• [EXERCISE AIM]: Given the records underneath, please repeat exactly the lines from the line with "夢の庭園からも周りの山々が眺望できる" through the line with "Медаль въ память Отечественной войны.", passing over any picture.

(Stored data entries)
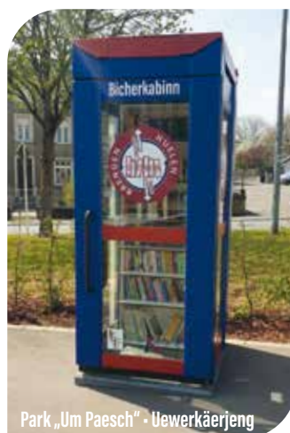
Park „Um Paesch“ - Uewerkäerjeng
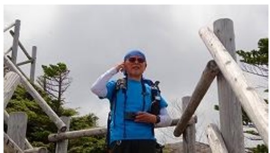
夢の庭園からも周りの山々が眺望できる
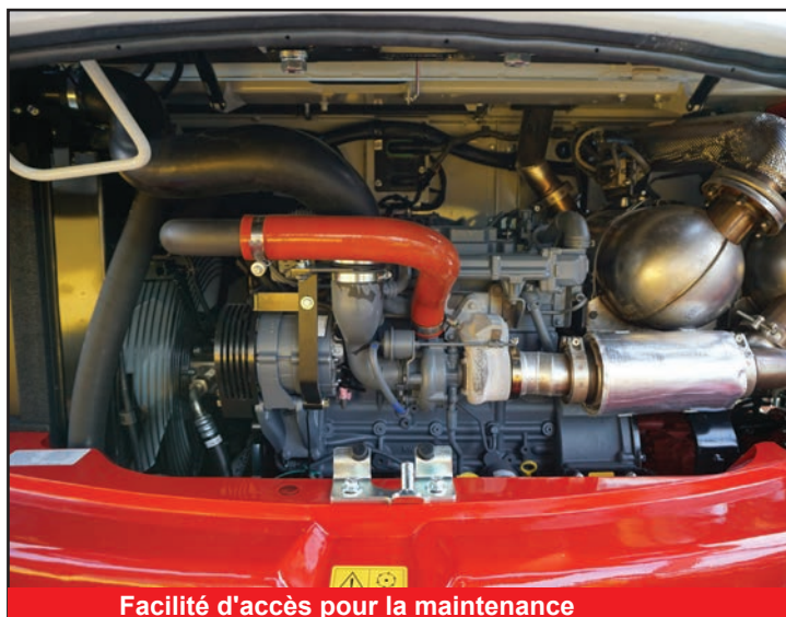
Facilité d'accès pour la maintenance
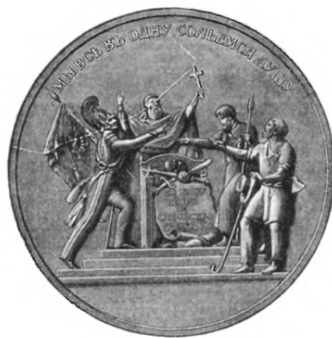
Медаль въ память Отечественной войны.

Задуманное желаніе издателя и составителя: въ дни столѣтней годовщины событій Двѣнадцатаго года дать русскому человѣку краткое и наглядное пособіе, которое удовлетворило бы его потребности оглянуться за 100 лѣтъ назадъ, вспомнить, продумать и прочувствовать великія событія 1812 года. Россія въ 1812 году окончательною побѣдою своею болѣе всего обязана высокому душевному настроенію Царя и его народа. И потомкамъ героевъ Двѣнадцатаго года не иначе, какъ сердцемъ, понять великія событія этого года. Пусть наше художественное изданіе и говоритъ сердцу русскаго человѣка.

• [SOLVED PROBLEM]:
夢の庭園からも周りの山々が眺望できる
Facilité d'accès pour la maintenance
Медаль въ память Отечественной войны.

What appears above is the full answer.